What is Passive Real Estate Investing?

featured image

Nov 21, 2022

Passive income refers to any income stream that doesn’t require regular, hands-on management. In other words, you can make recurring money without having to put in a significant amount of work, energy or time.

The most common form of passive investing is the stock market. You buy a stock and then afterwards, do nothing more. Of course, there’s the initial investment in the stock, plus some initial research. But after that, investing in equities (stocks) is very much “hands-off.”

Passive real estate investing is accomplished when you buy real property or proportional shares of a real estate asset in exchange for a recurring income stream. Generally, passive real estate investing does not require you to engage directly with a property. In fact, in some scenarios the investor never actually views the property in person.

How to Invest in Real Estate for Passive Income

Whether you’re seeking direct or indirect in real estate investments, there are several ways to start small and grow a sizable income stream.

1. Buy Fractional Shares of Real Estate

There are a variety of fantastic startups and real estate investment apps that connect real estate syndicates to investors who want to own real estate. Rather than buying entire properties, investors can buy fractional shares of one or more properties. Investors hope to receive monthly, quarterly or annual income distributions in exchange for taking on a portion of the acquisition cost and management fees.

Like many real estate investments, fractional shares are mostly illiquid. You can still sell your shares, but it’s not as easy as selling a stock.

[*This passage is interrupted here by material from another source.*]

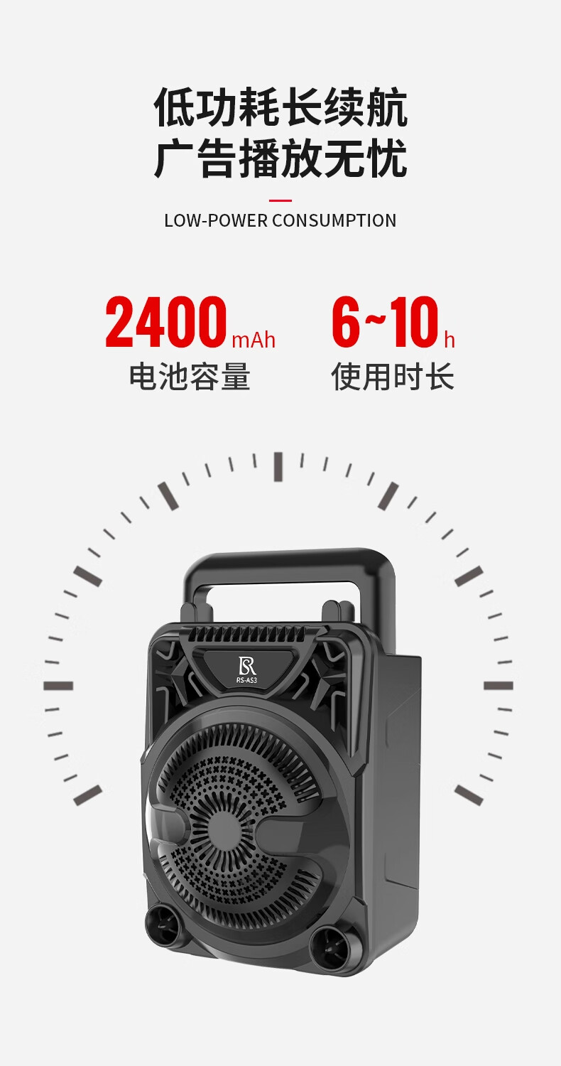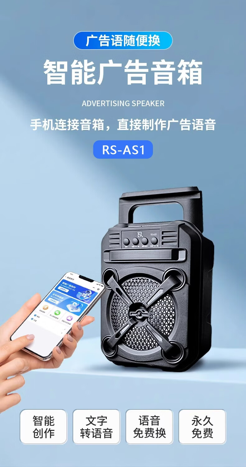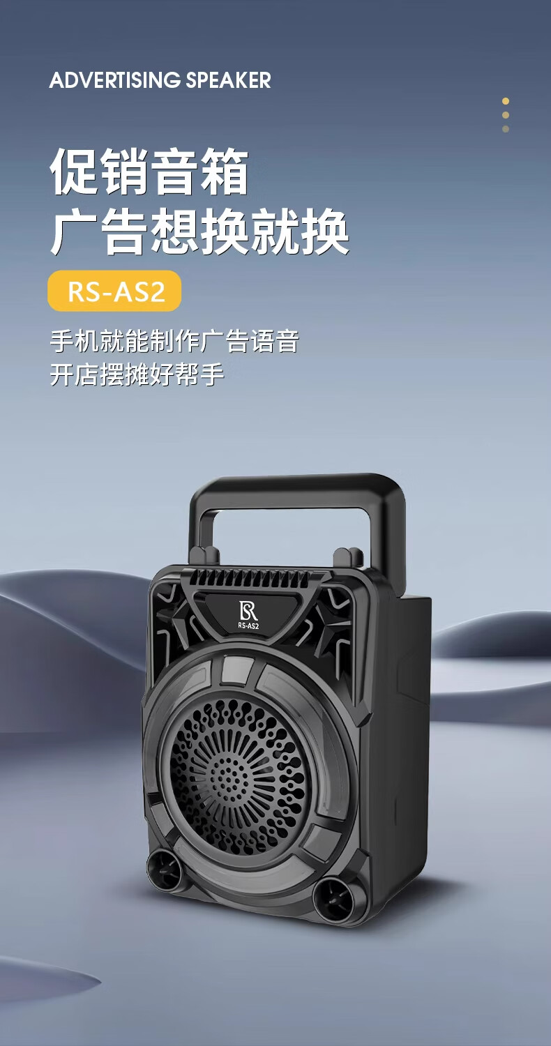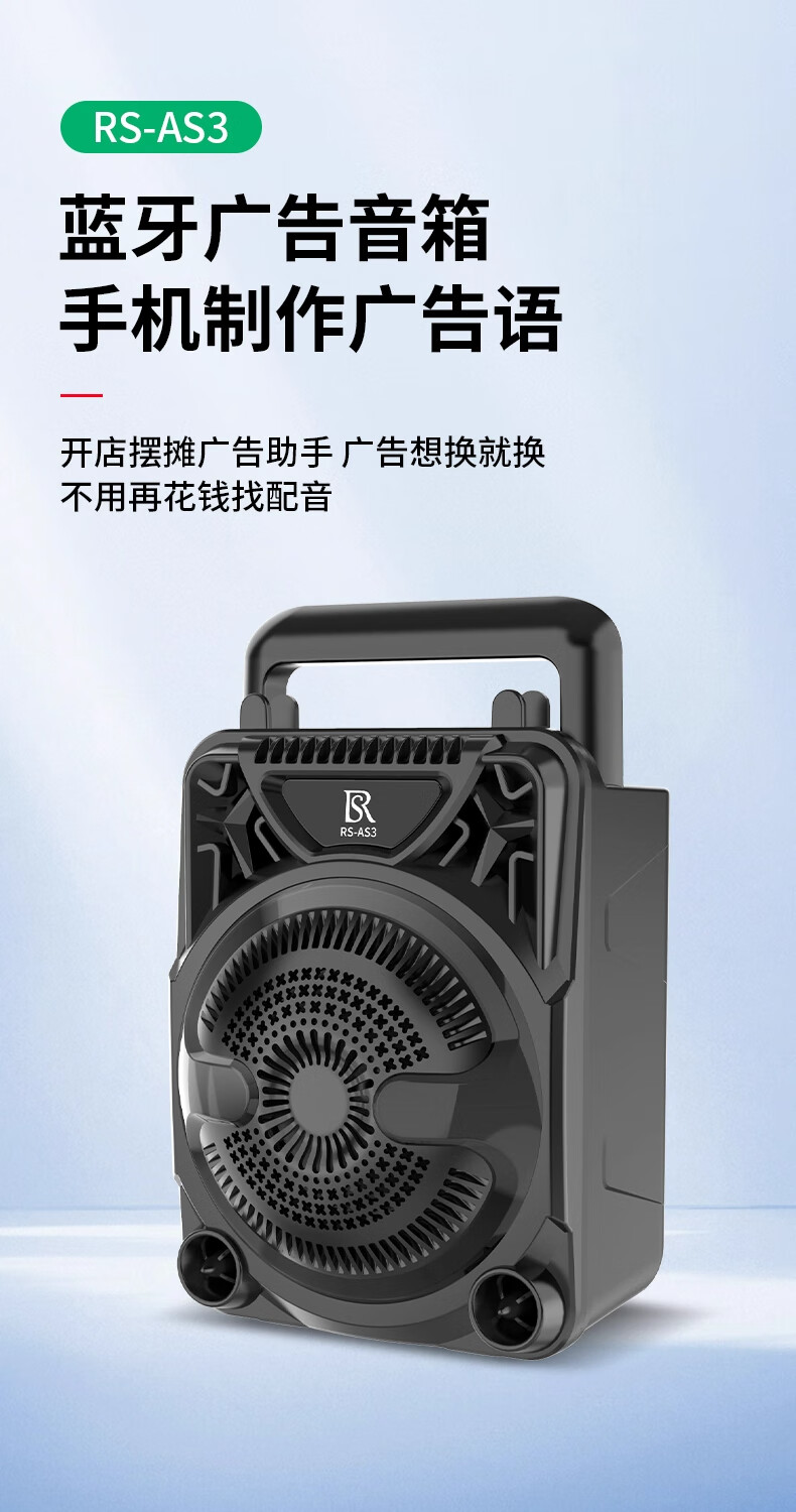 瑞声悦听广告宣传叫卖音响摆摊专用喇叭文字转语音可录音循环播放器一体机 小号文字转语音AS3广告音响一体机 2400毫安 续航6小时

Examples of fractional real estate platforms include Fundrise, Arrived and Realty Mogul.

2. Buy REITs

REITs allow you to invest in real estate without owning the physical real estate. A REIT may own various commercial or residential real estate developments – such as office buildings, retail spaces, apartments or warehouse space. REITs tend to pay high dividends, which makes them a common investment in retirement.

One advantage of REITs is that you can gain exposure to multiple sectors, which might provide great diversification. For example, you could invest specifically in multi-family REITs, commercial REITs, single family housing REITs or all of the above.

3. Buy a Rental Property

While not entirely passive, investing in a rental property is typically not difficult after the acquisition is complete. In other words, the ongoing management can be outsourced to a property manager which makes rental properties somewhat passive.

Rental properties have the potential to appreciate over time and your tenant will be paying your mortgage for you, which means your equity position will improve over the years. Plus, you can also choose to sell the property at a higher amount than the purchase price and avoid taxes by using a 1031 exchange.

Many experienced investors double down with the BRRRR method, which stands for Buy, Rehab, Rent, Refinance, and Repeat. This popular real estate investment strategy involves buying and flipping a distressed property, renting it out, and then cash-out refinancing it in order to fund further rental property investments.

Lastly, rental property have an ongoing, monthly return on investment which ensures a positive cash flow. You’ll be collecting rent from your tenants every month which will be more than the maintenance cost plus mortgage payment.

Other Forms of Passive Income

Passive income is the key to growing generational wealth. The average millionaire has about seven streams of income. Real estate is a relatively safe form of investing and is generally an asset that appreciates over time.

That being said, there are other forms of passive investing that many real estate and non-real estate investors use. The best option for you will depend on your individual circumstances, skills, and resources. Some popular options include:

  1. Investing in dividend-paying stocks or mutual funds, which can provide a steady stream of income on a regular basis.
  2. Creating and selling an informational product, such as an e-book or online course.
  3. Starting a dropshipping or affiliate marketing business, which can be run with minimal involvement once it is established.
  4. Investing in a peer-to-peer lending platform, which can provide a steady return on investment.
  5. Investing in small businesses or startups directly or indirectly through syndicates.

It’s worth noting that investing in any of the above options may require an upfront investment, and there are no guarantees of returns, so it’s important to do your research and seek advice before making any investment decisions.